It's what's consistent with the law of God, what's consistent
with the gospel. Colossians 3 verse 18. Wives submit yourselves under
your own husbands as it's fit in the Lord. As it's fit, as
it fits with the gospel, it fits with God's way. Now, that's what
that means. Let me tell you what it doesn't
mean. It doesn't mean that you can't have an opinion. It doesn't
mean that your opinion can't be heard. Your Christ bride is
able to talk to our Lord at all times, aren't we? We're to make
our petitions known at all times. Our Savior listens to us. When
a good marriage, the husband and the wife always talk about
what they're going to do and how they're going to do it. You
know, the husband, a good husband just doesn't run out there and
make a bunch of unilateral decisions, you know, and everybody's got
to live with them. Remember this, I'm getting ahead of myself in
the next week's lessons, but husbands and men remember this.

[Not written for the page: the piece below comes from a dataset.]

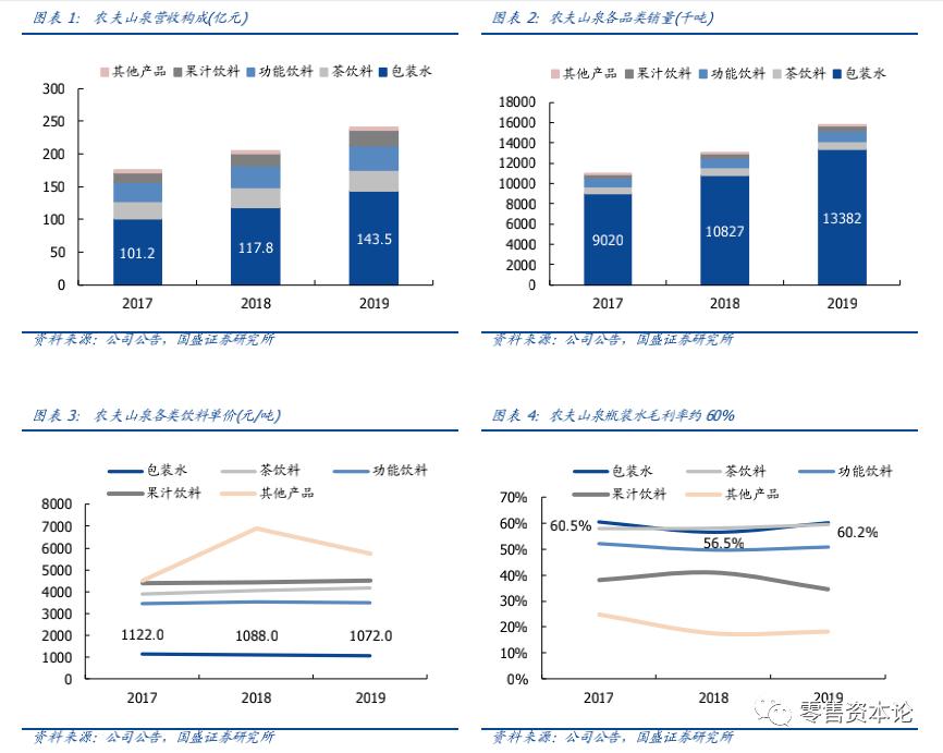 农夫山泉是国内包装饮用水及饮料龙头企业,包装水占公司整体营收、销量的比重分别为60%、85%。

The husband is only a picture, only a picture of Christ in the
home. We do not have the infallible
wisdom and the infallible authority of the Lord. So we talk about
Well, husband and wife talk about what they're going to do, how
they want to do this together. And sometimes we'll do it the
way the husband wants. Sometimes we'll do it the way
that the wife wants, you know. But it goes back to mutual respect. We listen to one another. Now,
the husband has the final say. You know, he's the authority
in the home. He has the final say. But not before we show love
and respect one to another. And submission is not this. Submission
is not saying, yes, sir, to everything he wants and waiting on your
husband hand and foot. Now, I'm not opposed to being
weighed upon hand and foot. But wives are not to be slaves. They're not to be. Wives are
to be cherished. Wives are to do everything they
can do. You're to make it your business
to please your husband. There's another side to that
coin. Getting ahead of myself again. Husbands are to do the
exact same thing. Do everything we can do to please our wives. See, this is mutual. So the submission,
it's in attitude. It's in respecting your husband.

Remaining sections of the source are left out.